Reputation: 22440
I've created a scraper in python in combination with selenium to collect some information from a site. However, the problem I'm facing is after collecting a single lead the scraper throws an error element is not attached to the page document
.
Considering the below codes:
There are 20 names where the for loop
rolls and the scraper is supposed to click each of them.
After clicking on the first name it waits in the new page for the document to be available.
On that page there is a show more button at the top right corner where it clicks to unwrap the hidden information. (it still stays on the second page, just a new information becomes visible).
As soon as the information shows up the scraper collects that successfully.
Then it is supposed to get back to the starting page where the loop starts and go for the next name to click. But, instead of clicking on the next name it throws the below error (on the line link.click()
).
I tried to get rid of the stale element error by using wait.until(EC.staleness_of(item))
but it doesn't work.
for link in wait.until(EC.presence_of_all_elements_located((By.CSS_SELECTOR,"div.presence-entity__image"))):
link.click() #error thrown here
wait.until(EC.presence_of_element_located((By.CSS_SELECTOR,"button[data-control-name='contact_see_more']"))).click()
item = wait.until(EC.presence_of_element_located((By.CSS_SELECTOR,".pv-contact-info__ci-container a[href^='mailto:']")))
print(item.get_attribute("href"))
driver.execute_script("window.history.go(-1)")
wait.until(EC.staleness_of(item))
Error I'm having:
line 194, in check_response
raise exception_class(message, screen, stacktrace)
selenium.common.exceptions.StaleElementReferenceException: Message: stale element reference: element is not attached to the page document
I tried to depict the picture of what is happening.

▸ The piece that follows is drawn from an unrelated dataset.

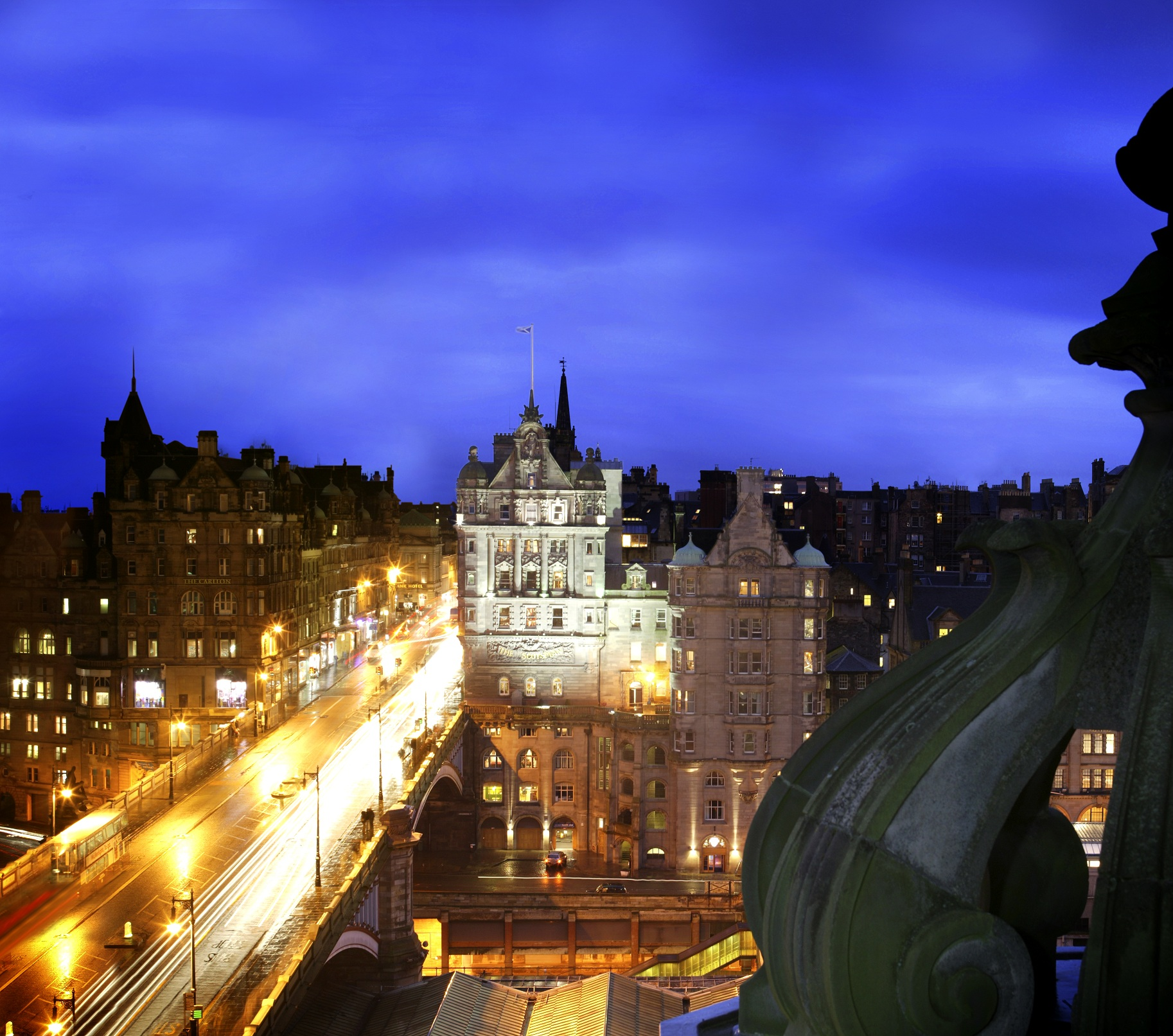 Exterior shot of The Scotsman Hotel, taken from Princes Street at night.
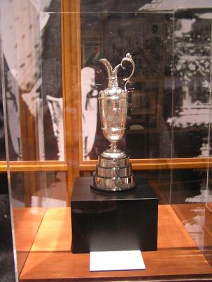 World Golf Village (WGV), World Golf Hall of Fame, St. Augustine, Florida has a Claret Jug replica that the winner of the Open Championship receives.

Any help on this will be highly appreciated.
Upvotes: 3
Views: 89
Reputation: 52665
Instead of clicking on each link in a loop, you'd better to collect all links and navigate to all those links in a loop:
links = [link.get_attribute('href') for link in wait.until(EC.presence_of_all_elements_located((By.CSS_SELECTOR,"a.mn-person-info__picture.ember-view")))]
for link in links:
driver.get(link)
wait.until(EC.presence_of_element_located((By.CSS_SELECTOR,"button[data-control-name='contact_see_more']"))).click()
item = wait.until(EC.presence_of_element_located((By.CSS_SELECTOR,".pv-contact-info__ci-container a[href^='mailto:']")))
print(item.get_attribute("href"))
Note that to get all links you might need to scroll Connections page down to load more connections via XHR
Upvotes: 1